MATERIAL PROVIDED —
>>>>
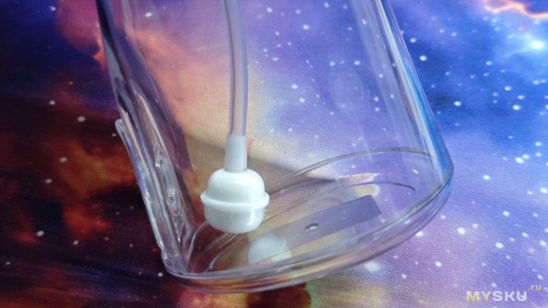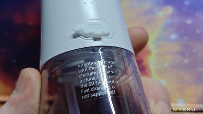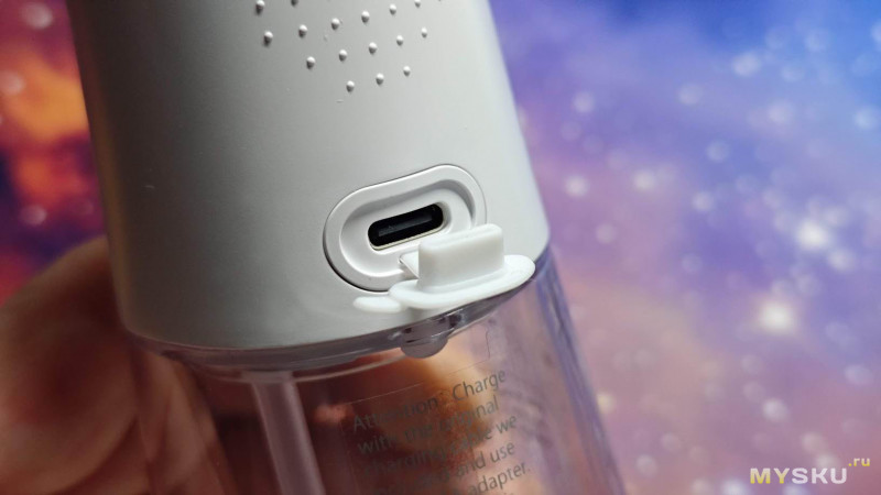 С обратной стороны находится ещё одна наклейка, которая предупреждает, что использование быстрых зарядок не желательно. Зарядный порт Type-C установлен в корпусе помпы и закрыт силиконовой заглушкой.
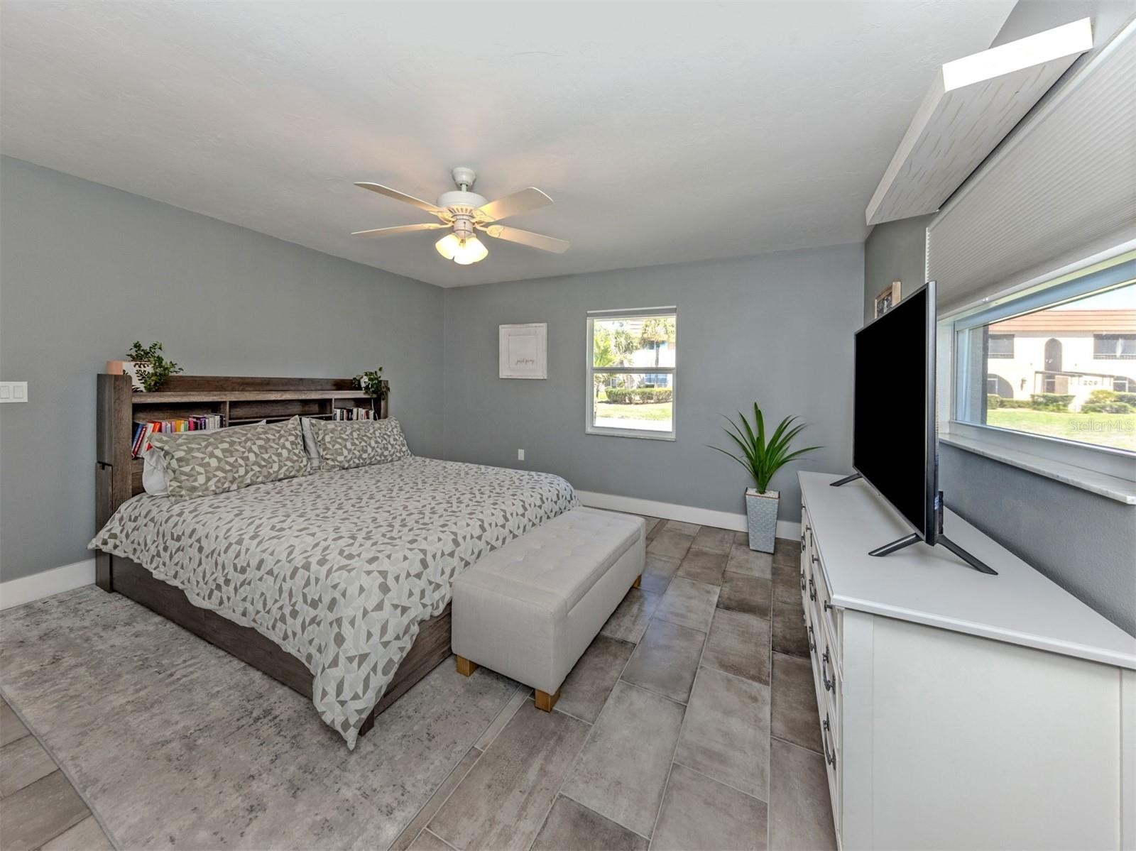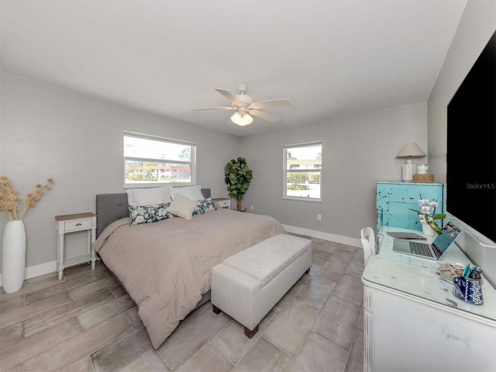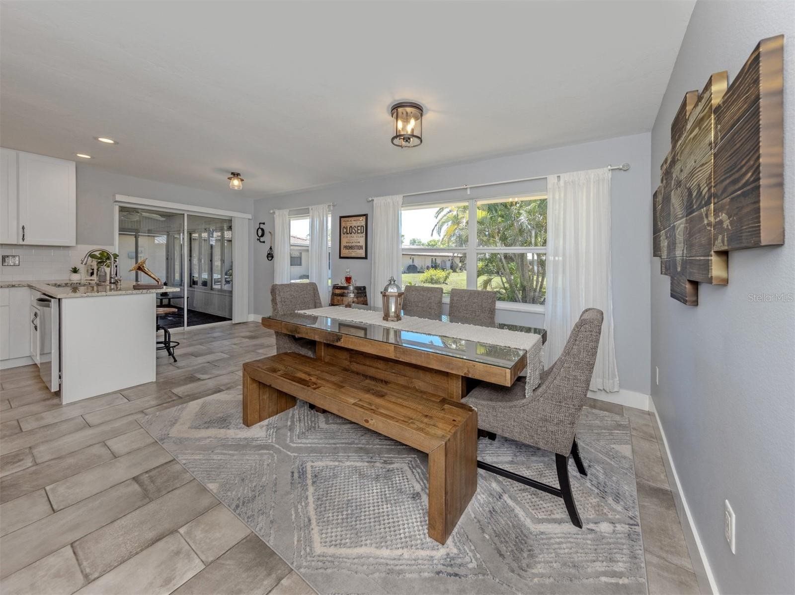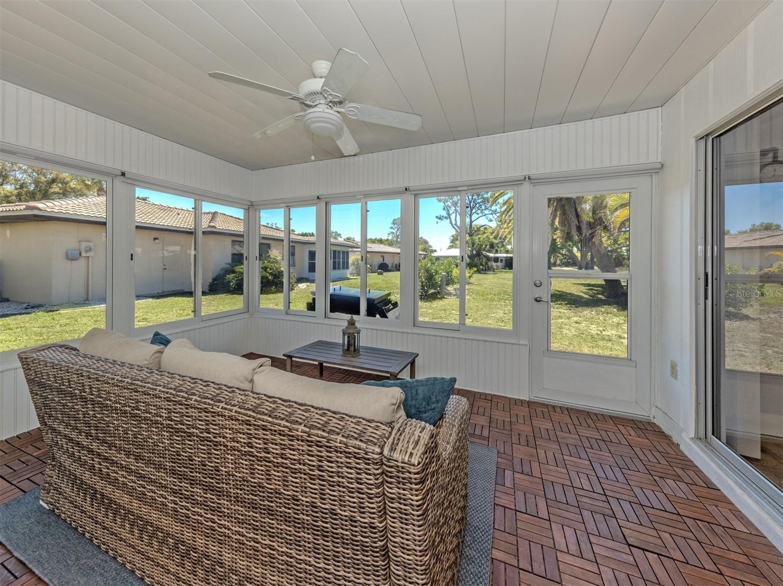 Welcome to this beautifully renovated single standing 2 bedroom, 2 bathroom villa, where modern upgrades meet low maintenance living. Thoughtfully updated from top to bottom, this home offers both style and peace of mind with major improvements already completed. The exterior features hurricane impact windows, a new hurricane rated garage door (2020), gutters/downspouts (2020), and extended driveway. Enjoy added curb appeal and ambiance with the Govee LED under eave lighting system, along with a charming screened front porch perfect for relaxing. Step inside to a fully renovated interior showcasing quality craftsmanship throughout. The kitchen has been completely transformed with solid wood soft close cabinetry, quartz countertops, a stainless steel farmhouse sink, Delta Touch faucet, and matching stainless steel appliances. Additional upgrades include reverse osmosis water system, removal of the drop ceiling, and modern LED recessed lighting. Whole house enhancements include ceramic tile flooring throughout, 6 inch baseboards, 3 inch door casings, new interior doors including the front door, and a skip trowel ceiling finish that adds a custom touch. Storage abounds with a large walk in closet off the living room, and additional closet off the dining room. Sliding glass doors from both the living and dining areas lead to the acrylic enclosed back patio, complete with wood decking over concrete, creating a versatile indoor outdoor space. The guest bathroom offers a ceramic tile shower enclosure with a deep soaking tub and rainhead shower, along with a new vanity topped with marble. The guest bedroom includes a spacious walk in closet. The primary suite features a large walk in closet and an updated bathroom with a new marble top vanity and beautifully tiled shower. Additional highlights include an AC system installed in 2020, making this home truly move in ready. Just 4 miles from Nokomis Beach with convenient access to US 41 and I-75, plus nearby shopping and dining, this villa combines modern upgrades, functional space, and lasting quality, offering a rare opportunity to enjoy the very best of Florida living.
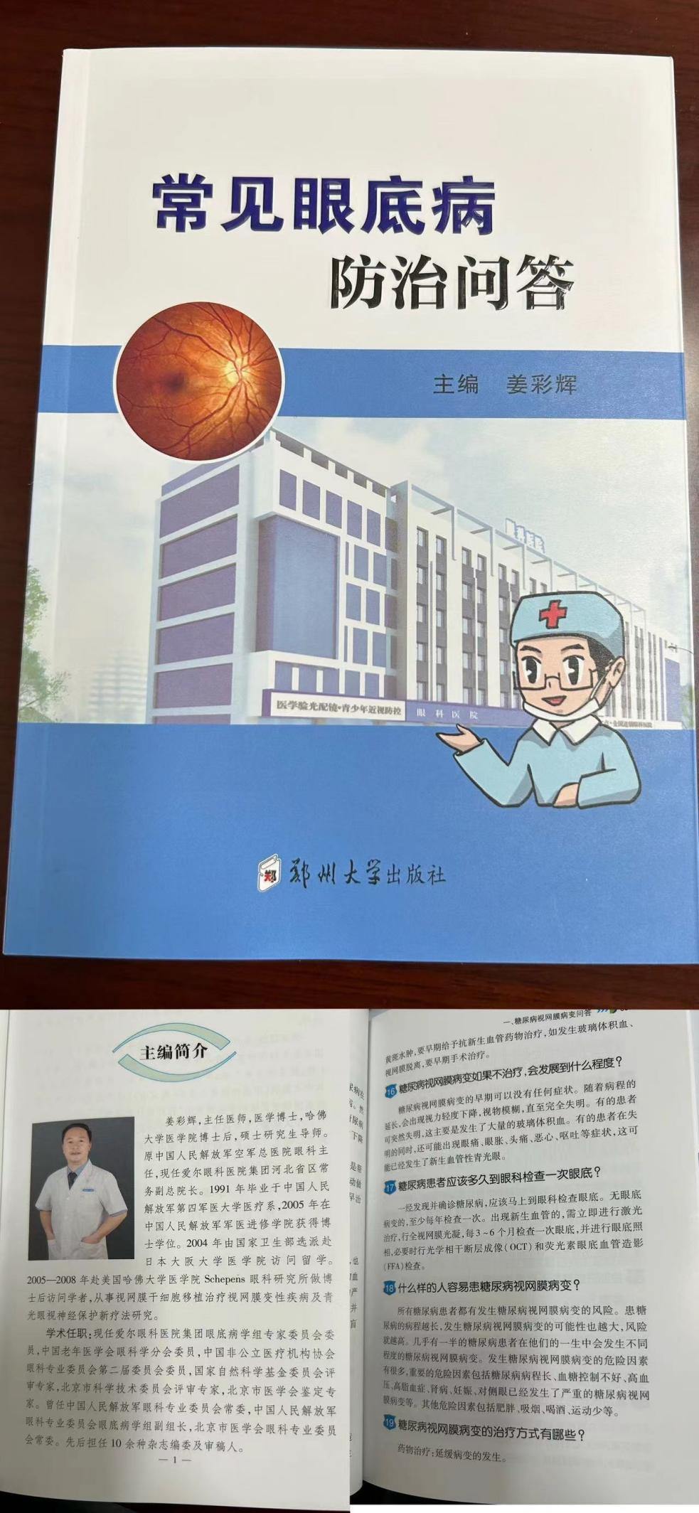 《常见眼底病防治问答》由郑州大学出版社出版,爱尔眼科医院集团河北省区常务副总院长,医学博士,哈佛大学医学院博士后姜彩辉主编。
<<<<
TRY IT — Only the pictures are to be left out; copy all the remaining material above exactly.

ANSWER BOX —
 С обратной стороны находится ещё одна наклейка, которая предупреждает, что использование быстрых зарядок не желательно. Зарядный порт Type-C установлен в корпусе помпы и закрыт силиконовой заглушкой.
 Welcome to this beautifully renovated single standing 2 bedroom, 2 bathroom villa, where modern upgrades meet low maintenance living. Thoughtfully updated from top to bottom, this home offers both style and peace of mind with major improvements already completed. The exterior features hurricane impact windows, a new hurricane rated garage door (2020), gutters/downspouts (2020), and extended driveway. Enjoy added curb appeal and ambiance with the Govee LED under eave lighting system, along with a charming screened front porch perfect for relaxing. Step inside to a fully renovated interior showcasing quality craftsmanship throughout. The kitchen has been completely transformed with solid wood soft close cabinetry, quartz countertops, a stainless steel farmhouse sink, Delta Touch faucet, and matching stainless steel appliances. Additional upgrades include reverse osmosis water system, removal of the drop ceiling, and modern LED recessed lighting. Whole house enhancements include ceramic tile flooring throughout, 6 inch baseboards, 3 inch door casings, new interior doors including the front door, and a skip trowel ceiling finish that adds a custom touch. Storage abounds with a large walk in closet off the living room, and additional closet off the dining room. Sliding glass doors from both the living and dining areas lead to the acrylic enclosed back patio, complete with wood decking over concrete, creating a versatile indoor outdoor space. The guest bathroom offers a ceramic tile shower enclosure with a deep soaking tub and rainhead shower, along with a new vanity topped with marble. The guest bedroom includes a spacious walk in closet. The primary suite features a large walk in closet and an updated bathroom with a new marble top vanity and beautifully tiled shower. Additional highlights include an AC system installed in 2020, making this home truly move in ready. Just 4 miles from Nokomis Beach with convenient access to US 41 and I-75, plus nearby shopping and dining, this villa combines modern upgrades, functional space, and lasting quality, offering a rare opportunity to enjoy the very best of Florida living.
 《常见眼底病防治问答》由郑州大学出版社出版,爱尔眼科医院集团河北省区常务副总院长,医学博士,哈佛大学医学院博士后姜彩辉主编。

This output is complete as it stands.